All RF exposures were conducted over a period of approximately 18 hours using a continuous cycle of 10 minutes on (exposed) and 10 minutes off (not exposed), for a total daily exposure time of approximately 9 hours a day, 7 days/week.
This never happens, to anybody. Not even close. Again, we can see why they've done it - they wanted to get some sort of outcome within a reasonable timeframe, and rats don't live long anyway. But with both ionizing and non-ionizing radiation, timescales matter. If I zap my hand in a microwave oven for 50 milliseconds at a time once a month for ten years, I'll probably be just fine; the hand will repair whatever (minor) damage occurs. If I zap my hand for 6 seconds, once, I will probably cause irreparable damage to nerves and muscles.
You can actually get a very accurate estimate of exposure from modern smartphones: they all have power-usage monitors that tell you how much of the battery capacity has been used for screen, CPU, RF subsystem, etc. If you know the battery capacity, radiation efficiency, RF poweramp usage time, and typical recharge interval, you know the average RF energy being radiated and can estimate absorption using models. With the call log, you can estimate peak radiation.
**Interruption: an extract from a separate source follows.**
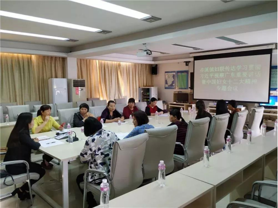 会议传达学习了习近平总书记视察广东重要讲话精神,赵乐际在中国妇女第十二次全国代表大会上的致词,黄晓薇在中国妇女第十二次全国代表大会上的报告,全国妇联主席沈跃跃在全国妇联十二届一次执委会议第二次全体会议的讲话精神。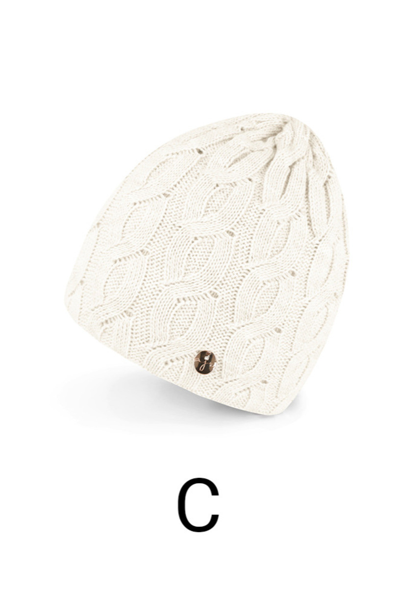 Dámská zimní čepice. Hřejivá, vyrobená ze spodní vrstvy úpletu, měkká a pružná. Volnější střih, mírně zvýšený okraj, módní zimní vzor po celé ploše. Zdobená malou plaketou s logem společnosti .

Emulating typical usage patterns would be more useful, IMO, rather than using very high exposure levels to force a positive result.
Throughout the remainder of the chronic study, no RFR exposure-related effects on body weights were observed in male and female rats exposed to RFR, regardless of modulation (Figures 1 and 2). At the end of the 2-year study, survival was lower in the control group of males than in all groups of male rats exposed to GSM-modulated RFR (Figure 3). Survival was also slightly lower in control females than in females exposed to 1.5 or 6 W/kg GSM-modulated RFR. In rats exposed to CDMA-modulated RFR, survival was higher in all groups of exposed males and in the 6 W/kg females compared to controls (Figure 4)
So, um, data does not support conclusions?
If you look at the "cancer" results, the incidence is so low (1-3 rats out of P=90) that it could not be described as statistically significant - even if, mathematically speaking, some of the observations reach the p<0.05 threshold. Remember, that 0.05 magic number is literally plucked out of the air; it's convention, nothing more. This is real borderline stuff: the authors point out that some of the results are significant and some are not. The fact that these rats all survived longer than controls suggests a statistical anomaly. Doesn't mean the effect doesn't exist - simply that there weren't enough test subjects to be sure either way.
Finally, there is no theoretical reason why low-level RF should cause cancer. Again, that's not to say the results are illusory, but without such a model there's no obvious direction for future research.
I'm not picking fault with the authors here, incidentally. They are scrupulously honest about their method and results in this paper, and they provide an excellent analysis of the stats. It's a very good paper. One just gets the impression they've been told to slant the conclusion in a preferred direction.